Posted 10-07-2013

Managers and supervisors learn that state and federal discrimination law requires them to explore a reasonable accommodation for disabled employees to enable them to perform one or more essential functions of the job. But, this connection is so often stated, that many employment professionals have come to believe that any requested accommodation must be linked directly to the actual performance of one or more essential job functions. Recently, the State of Louisiana, learned that was not true, through a difficult and expensive lesson.

The employee in the case, Feist v. State of Louisiana, No. 12-31065 (5th Cir. Sept. 16, 2013), had been an assistant attorney general for the Louisiana Department of Justice for years. Ms. Feist developed osteoarthritis in her knee during her employment and asked her boss to help her get a parking space near her building. When he didn’t, she phrased the request to HR as a reasonable accommodation for her disability. After consideration, HR and management (who were all lawyers!) concluded that since her requested accommodation did not specifically relate to the performance of one or more of her “essential” job functions, they did not have to grant the request, and denied it. Management was also unhappy with her performance, as she allegedly she failed to bring information to her employer that would have facilitated settlement in one case and failed to timely oppose a motion for summary judgment in another case which resulted in a $500,000 judgment against the State. So, they fired her a short time later.
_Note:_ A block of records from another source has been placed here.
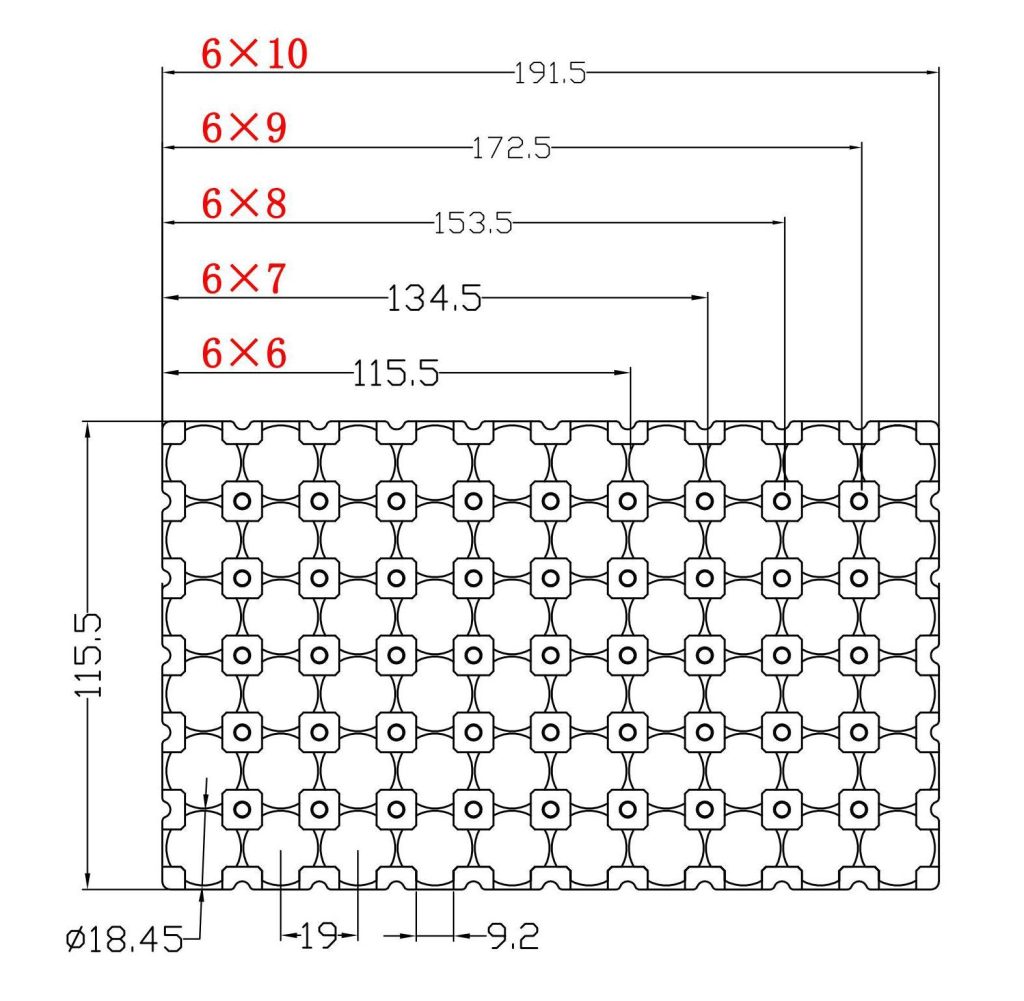 Our 26650/26700 Li-bat Bracket 6×6-6×10, Φ26.7mm, P27.5mm is custom for 26650/26700 lithium battery assembly, with precise Φ26.7mm hole diameter and P27.5mm pitch, covering 6×6-6×10 cell layouts for perfect cell fit and stable medium module fixation. This 6×6-6×10, Φ26.7mm, P27.5mm 26650/26700 Li-bat Bracket is high-strength, anti-loosening and anti-deformation, matching standard 26650/26700 cells for long-term reliable use.
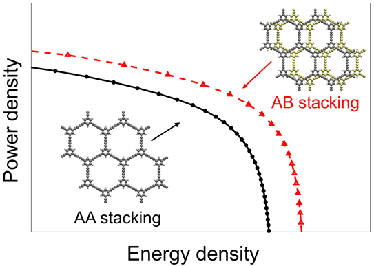 超级电容器具有充电快、功率高等优点,在新能源汽车、国防军事等领域的储能中扮演着重要角色。但与电池相比,如何在维持其高功率密度的同时提升能量密度是当前超级电容器研发的痛点。常见的多孔电极材料(如活性炭、碳化物衍生碳等)可以增加超级电容器的能量密度,但其无序的离子通道降低了其功率密度;导电多孔二维材料具有周期性的晶体结构和有序的离子通道,有助于提高超级电容器的充电速度和功率密度,但其比表面积值还相对较低,因此限制了超级电容器的能量密度;氢取代石墨二炔是一种新型的多孔二维材料,具有比表面积大、物理性质稳定等优点;多孔石墨炔独特的sp和sp2的碳杂化轨道使其具有可调节的电子结构和孔道结构,为超级电容器的机理研究与性能优化提供了理想的平台,因此在能源储存领域具有广阔的应用前景。目前研究表明,氢取代石墨二炔具有不同的堆叠方式和不同的金属性,将会深刻影响超级电容器的储能性能,但对这些拓扑结构与金属性所产生的具体影响及其机理还不清晰,目前需要学界深入探索。
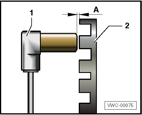O ajuste do posicionamento do sensor (1) em relação à roda dentada (2) ocorrerá automaticamente no primeiro movimento da roda, porém não poderá ultrapassar a 0,6 mm, indicado pela letra A da ilustração.
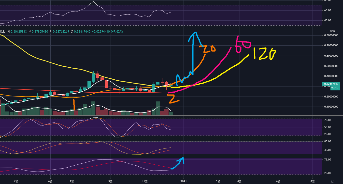 0.3달러인 현재부근에서, 상승한다면 빠르게 1달러에 도달할 것이라 보이며 6달러대 고점의 절반인 3달러까지도 21년에는 바라볼 수 있어보이네요.
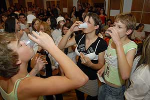 A verseny sikeréhez hozzátartozott a gólyafröccs is, amibe a kedves végzősök a mandula olajtól a mustárig, sótól a borsig minden benne volt. Egy feladat volt: csak meg kellett inni!
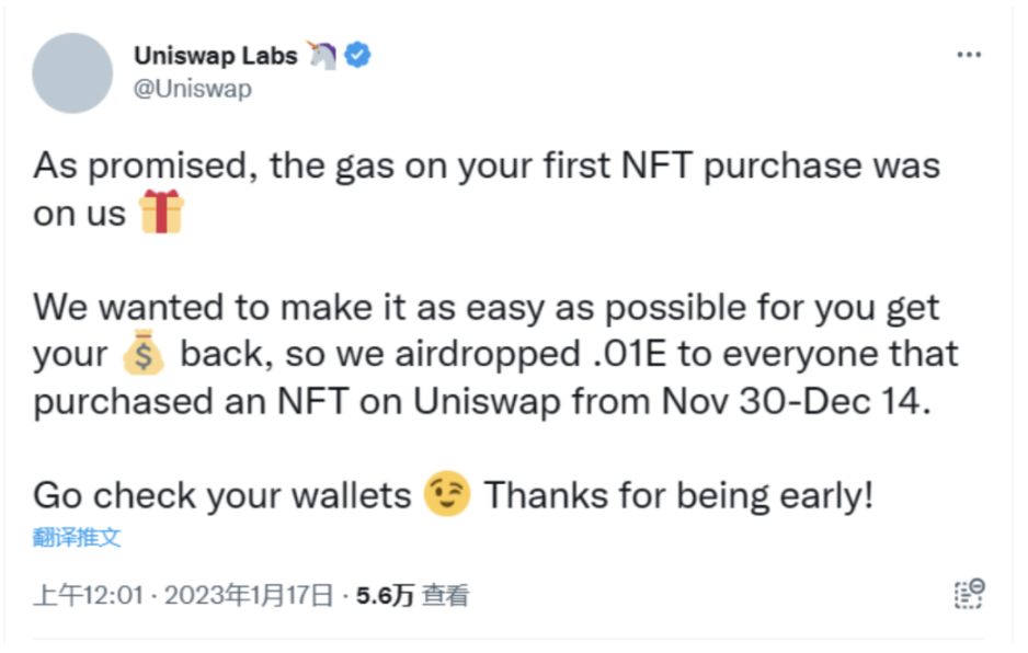 Uniswap 发布空投公告,向 2022 年 11 月 30 日至 12 月 14 日在 Uniswap 购买过 NFT 的用户空投 0.01 枚 ETH,以抵消用户首次购买 NFT 所花费的 Gas 费。
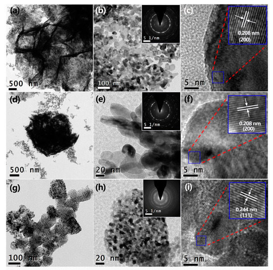 In order to further study the morphology and microstructure of the NiO samples, TEM, high-resolution TEM (HRTEM), and selected area electron diffraction (SAED) patterns were performed and the results are shown in Figure 3. It can be seen from Figure 3a that the NiO nanosheet sample was composed of an aggregation of nanosheets, in accordance with the SEM observation (Figure 2b). The nanosheets are composed of many grains with diameters of 30–50 nm, and a large number of holes are also observed (Figure 3b). The SAED pattern exhibits a typical polycrystalline ring, which indicates that the material has good crystallinity (inset in Figure 3b). The HRTEM image (Figure 3c) demonstrates clear crystal lattice fringes with lattice spacing of 0.208 nm, corresponding to the (200) crystal plane of the NiO phase. Figure 3d indicates that the NiO microsphere sample was composed of about 2 µm microspheres and some fragmented aggregates with the size of 500 nm which could be caused by the ultrasonic vibration during the TEM sample preparation process. Figure 3e shows that the microsphere consists of rod-like particles with a diameter of 20 nm and a length of 100 nm. The SAED pattern also indicates a typical polycrystalline ring (inset in Figure 3e). The clear lattice fringes observed in HRTEM images (Figure 3f) indicate the good crystallinity of the NiO microsphere sample. Figure 3g shows that there are many aggregations of sub-microspheres with a size of 100 nm in the NiO sub-microspheres. The high-magnification TEM image in Figure 3h indicates that the sub-microspheres are composed of many grains of 10–20 nm in size and a large number of well-distributed pores are observed. The SAED pattern is also a polycrystalline ring (inset in Figure 3h). The HRTEM image (Figure 3i) shows clear lattice fringes with a spacing of 0.244 nm, which can be attributed to the (111) crystal plane of the NiO phase. The corresponding energy dispersive spectroscopy (EDS) spectra (Figure S1) indicates that the atomic ratio of Ni and O in the samples are close to 1:1.
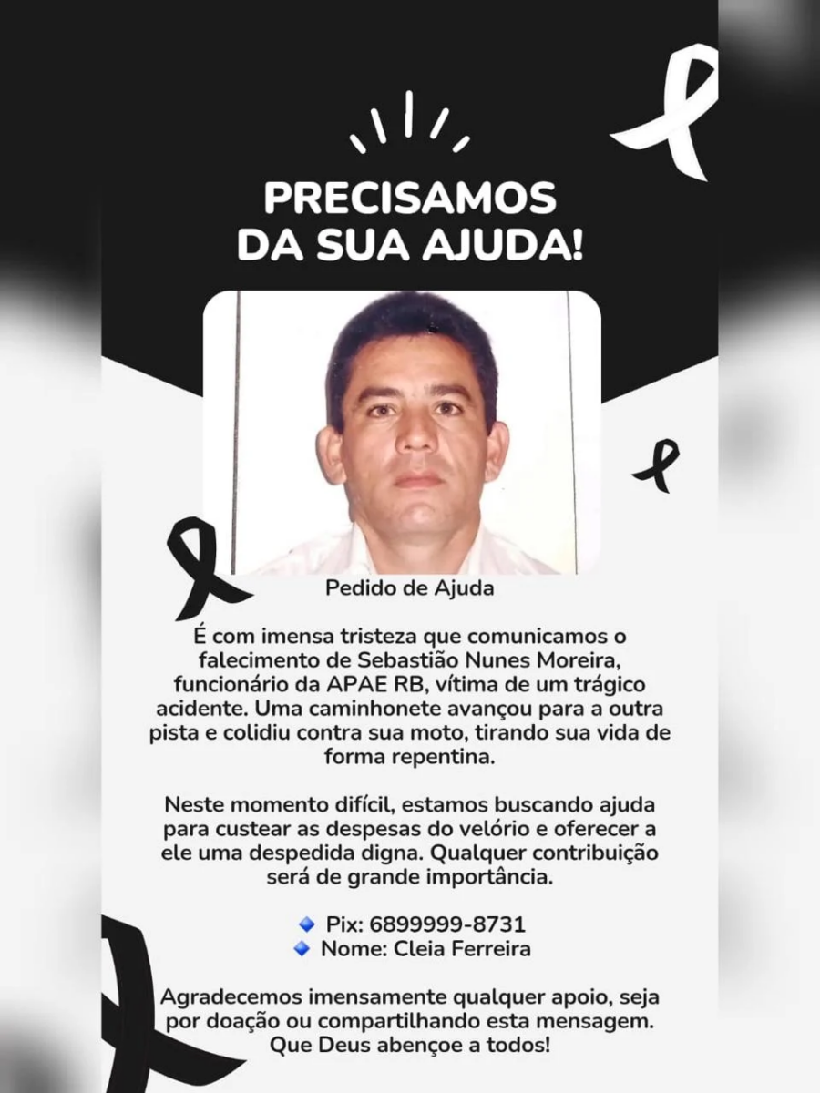 Familiares iniciaram uma campanha de arrecadação para cobrir os custos do velório e garantir uma despedida digna para o antigo funcionário da Apae. “A contribuição pode ser feita via Pix para Cleia Ferreira”, informaram em um comunicado divulgado junto a uma imagem com os dados bancários.
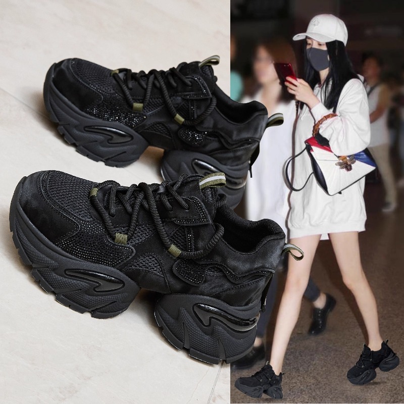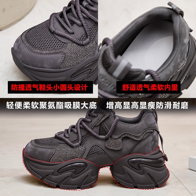 真皮厚底老爹鞋女2025新款秋季百搭增高水钻女鞋秋冬休闲运动鞋子 - 诚信女鞋霸
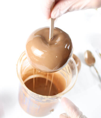 FOUR: You should have about a cup of  caramel colored soap left over (give or take depending on the size of your apple). Melt that back down and let it cool to about 140 degrees. Then dip your apple soap into the melted caramel colored soap just like you’re making a real caramel apple.
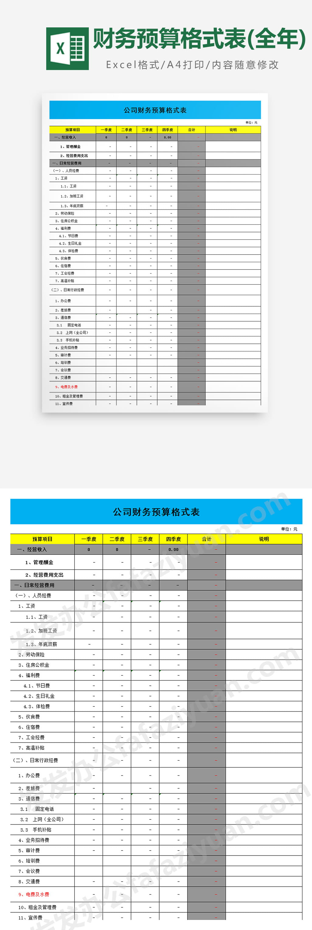 作品内容为财务预算格式表(全年), 格式为 xlsx, 大小1MB,下载后可直接使用, 请使用软件Excel打开, 作品中主体文字及图片可替换修改,文字修改可直接点击文本框进行编辑,图片更改可选中图片后单击鼠标右键选择更换图片,也可根据自身需求增加和删除作品中的内容, 源文件无水印, 欢迎使用发发资源库。
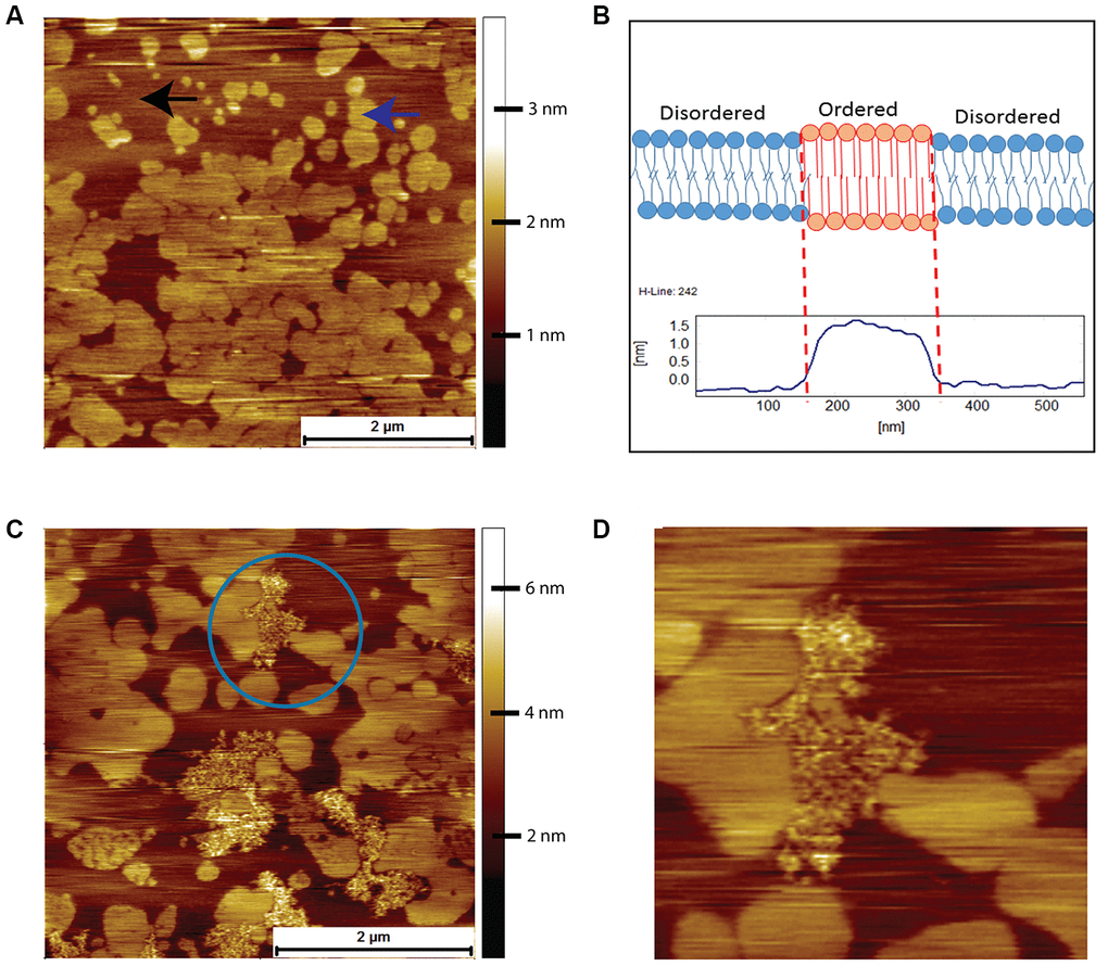 Prior to an AFM examination of the interactions between human Aβ and the brain tissue derived lipids, we used a simple model system comprising of just two lipids, DOPC and DPPC. This system exhibits phase separation and provides a well-defined comparison for the more complex mixture of lipids present in brain derived lipids. When the binary system was mixed in a molar ratio of 3:1 of DOPC-to-DPPC, we observed the classic phase-separated DPPC gel domains surrounded by the liquid disordered DOPC (Figure 4A). The origin of the islands of DPPC is due to the packing arrangement of DPPC chains, resulting in a height difference of around 1.5 nm to the surrounding DOPC (Figure 4B). Such spontaneous phase separation behaviour in model systems has been used as a rationale for the existence of lipid rafts in cells [25]. After a 2-hour exposure to 8 μM of human Aβ the bilayer remained completely intact, but with clearly visible features due to the Aβ peptide in between the DPPC gel phase domains, which are absorbed on top of the DOPC liquid disordered phase (highlighted by blue circle in Figure 4C). Upon closer inspection, the Aβ was observed to avoid the gel phase domains, such that the central DPPC gel domain was surrounded, but not covered, by the peptide (Figure 4D).
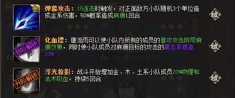 相对于其他英雄,唐流雨的被动技能比较特殊。可能是因为他擅长使用暗器,所以他的被动技能的增益效果都和暗器相关。“弹幕攻击”是他的基础被动技,可对敌方阵营的随机3个敌人做出攻击,造成金系伤害,并有50%的概率麻痹对方一个回合。值得注意的是,这一技能需要他在战斗中达成10连击才可触发。“化血镖”是唐流雨第一次升阶时解锁的被动技,可以使小队内所有成员的普通攻击附带麻痹效果,同时使小队成员对麻痹目标的暴击率提高20%。“浮光掠影”是唐流雨第二次升阶时解锁的被动技,可在战斗开始时增加金、木、土系队友20%物理和法术吸血,效果持续5回合。

Ms. Feist filed a lawsuit for disability discrimination/failure to accommodate and retaliatory termination. Although a trial judge initially upheld the State’s actions and dismissed both claims in 2012, the Court of Appeals just two weeks ago reversed the judgment as to the disability/duty to accommodate claim, holding in a major decision on the issue (and siding with the few other courts that had addressed the issue) that there does not have to be a direct connection between the requested accommodation and one or more of the essential functions of the position. As a result, the case was sent back for trial on the failure to accommodate claim only. The Court did uphold the State’s termination decision, finding Ms. Feist had failed to present evidence that the management’s stated reason for the decision was false.

What this means to you:

Managers and supervisors and their experts, HR and Legal, must understand the broad scope of the ADA accommodation obligation and must not dismiss out of hand accommodation requests, even those that may seem unconnected to the performance of the essential functions of the disabled employee’s job.  The employer’s reasonable accommodation policies, HR, managers and supervisors, all must communicate to employees a willingness to consider any and all reasonable accommodations that may provide disabled employees access to the benefits of employment. In addition, this case once again reinforces the importance to managers of good, consistent documentation of its performance management of each employee. Although management in this case learned (hopefully) a hard lesson about not being too dismissive of accommodation requests, documentation of the reasons for its termination decision at least allowed them to avoid Ms. Feist’s retaliatory termination claim.